• _Try it_
Every line from the opening of the records to the line with "Newage Products Outdoor" should be restated exactly, with both ends included and the pictures left out.

• _Supplied records_
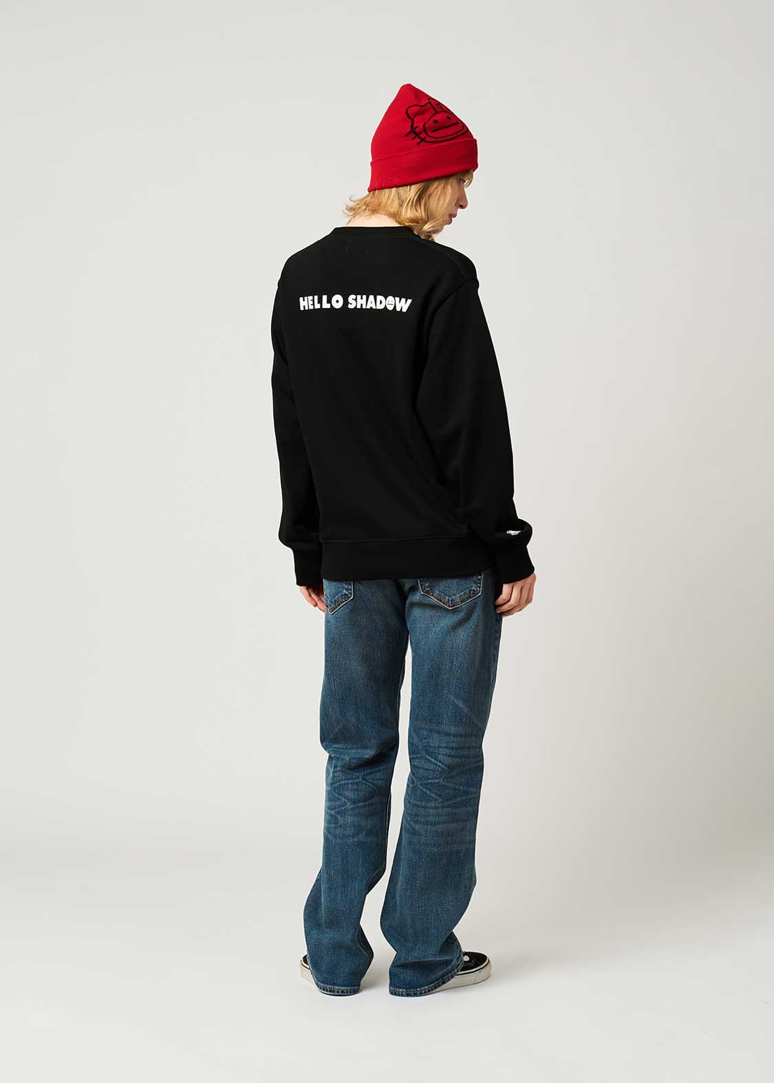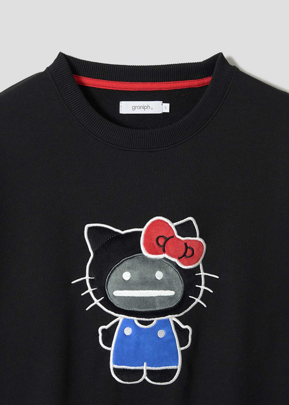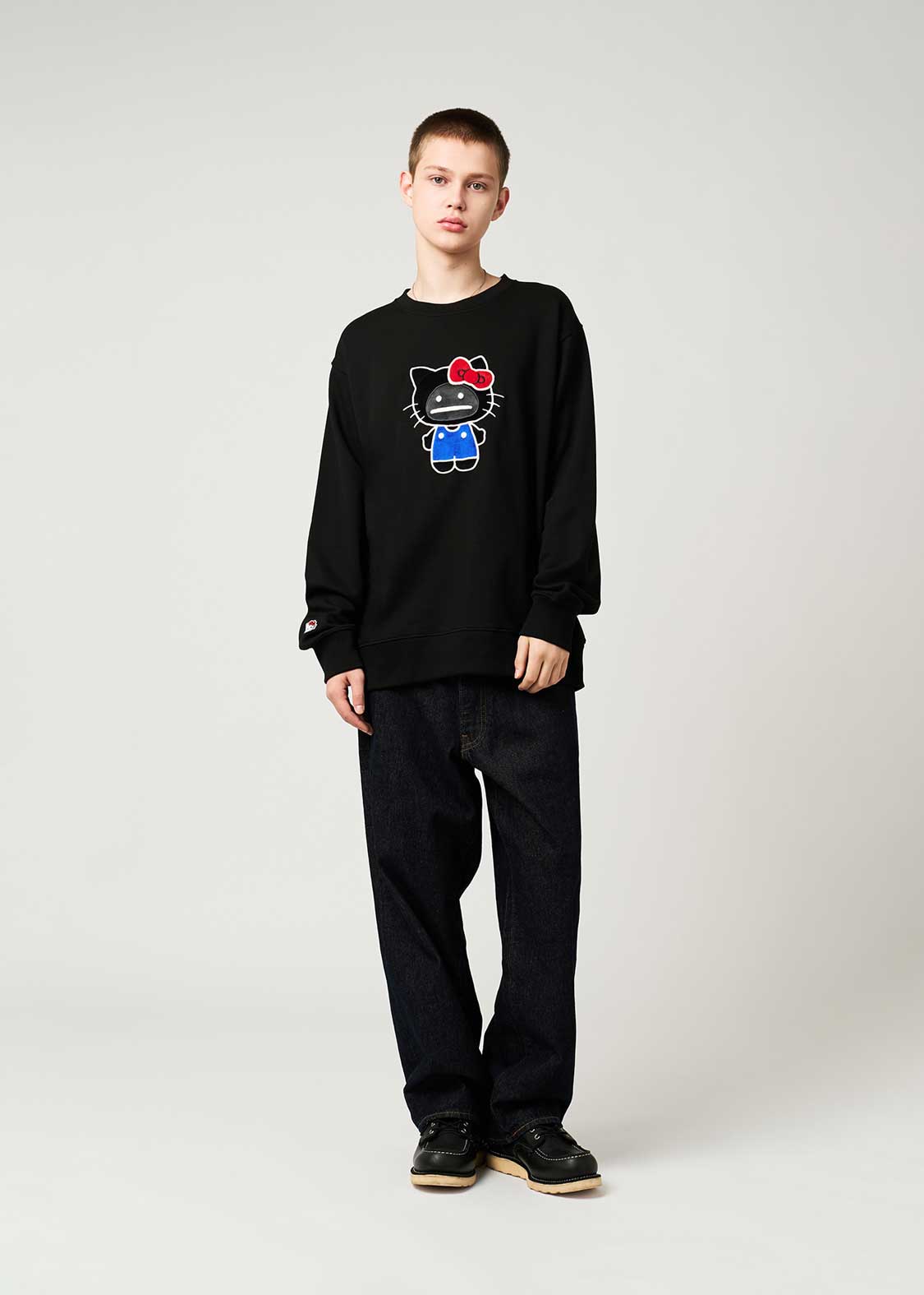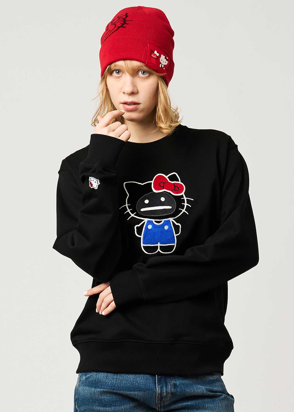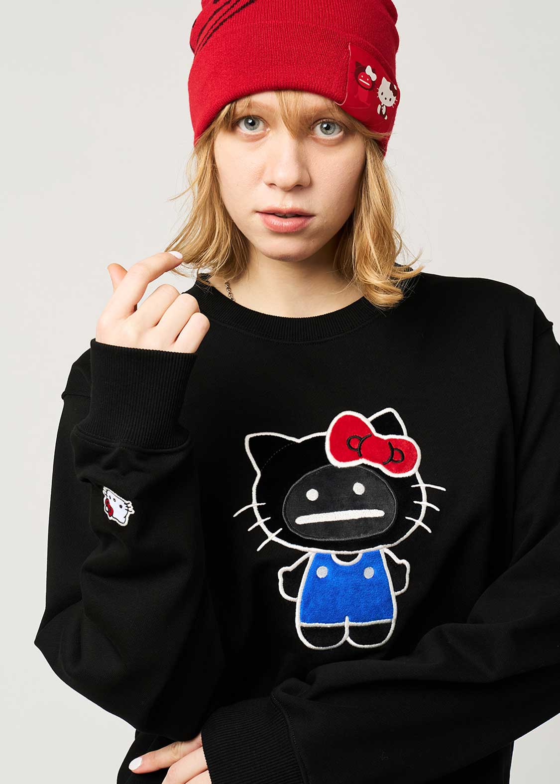 世界中のみんなから愛されているハローキティに憧れるビューティフルシャドー。ハローキティに憧れたシャドーは、自分自身がハローキティの格好をしたぬいぐるみを作りました。耳の形やお洋服のボタンの位置など、少しガタガタなところもご愛嬌です。アップリケと刺繍で表現されたシャドーはフワフワ。右袖にあしらわれた刺繍ワッペンのハローキティがポイントです。
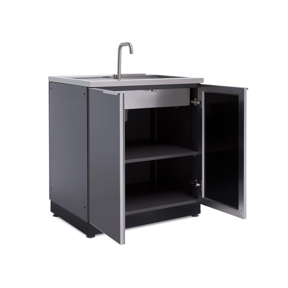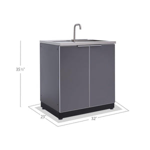 Newage Products Outdoor Kitchen Cabinets Aluminum Slate Grey Glass 32" Sink Cabinet
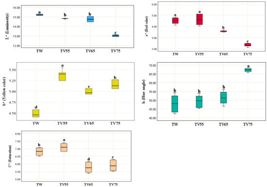 The results of the colorimetric analyses (CIELab and CIEL*C*h systems) of the wines are shown in Figure 3. The use of thermovinification reduced Syrah wine luminosity (L*), making it darker, with the reduction in luminosity being proportional to the increase in temperature, ranging from 13.02 in TV75 to 14.83 in TV55. When analysing the luminosity of Cabernet Sauvignon wines subjected to thermovinification (70 °C/30 min), El Darra et al. [46] found a value of 19.70; however, it did not differ significantly in relation to the control (23.35).
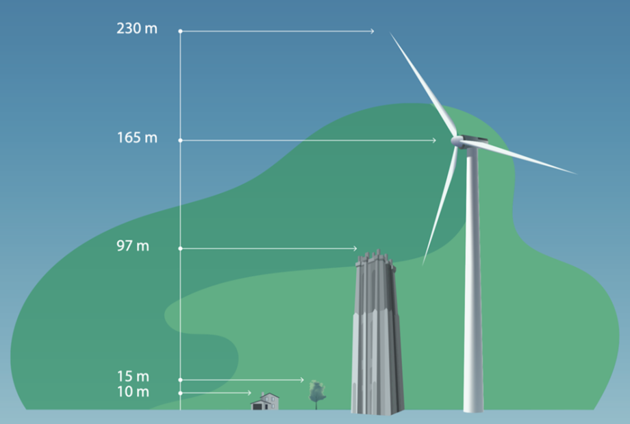 Zo mogen in Duitsland geen windmolens worden geplaatst op minder dan 1.000 meter van woningen, terwijl in Frankrijk zelfs een minimumafstand geldt van 1.500 meter. Daarbij geldt in een aantal Duitse deelstaten ook nog dat er geen woningen op minder dan 10 x de tiphoogte van de windturbine mogen staan. Dus bij een windturbine van 230 meter hoog, geen bebouwing binnen een afstand van 2,3 kilometer.
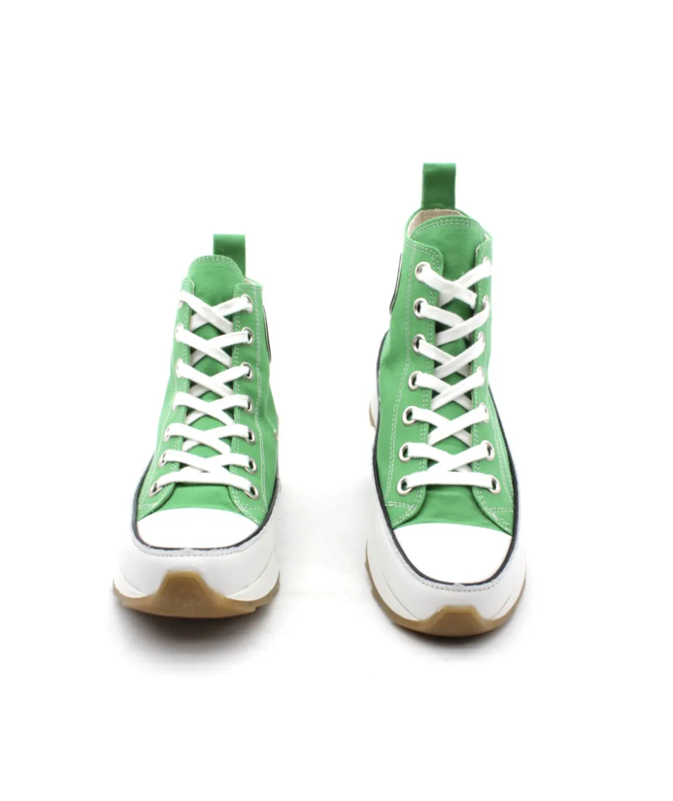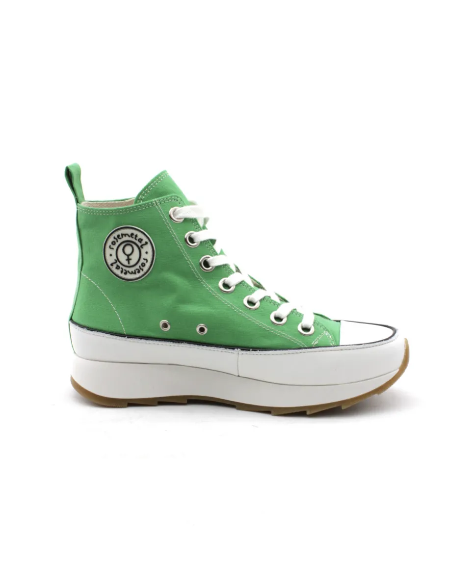 FRASNE H0756A, une basket ultra-originale pour un look tendance, voici la création de ROSEMETAL. Sur une grosse semelle compensée et une palette de couleur disponible, la mode est à vos pieds ! Une semelle blanche imposante, un dessus en toile blanc, vert et orange… pas de doute c’est le must-have de cet saison ! Confortable et looké, on aime le logo sur le côté pour le petit plus !
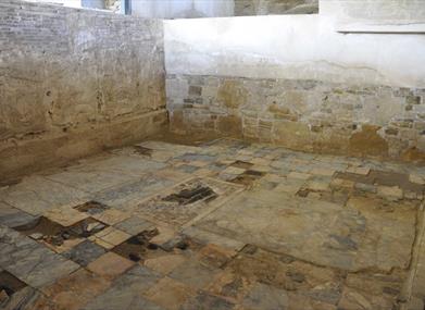 Erwähnenswert sind auch verschiedene römische Räume, die mit wunderbaren Marmorböden (Opus sectile) und originalen Wandmalereien verziert sind.

• _Finished task_
 世界中のみんなから愛されているハローキティに憧れるビューティフルシャドー。ハローキティに憧れたシャドーは、自分自身がハローキティの格好をしたぬいぐるみを作りました。耳の形やお洋服のボタンの位置など、少しガタガタなところもご愛嬌です。アップリケと刺繍で表現されたシャドーはフワフワ。右袖にあしらわれた刺繍ワッペンのハローキティがポイントです。
 Newage Products Outdoor Kitchen Cabinets Aluminum Slate Grey Glass 32" Sink Cabinet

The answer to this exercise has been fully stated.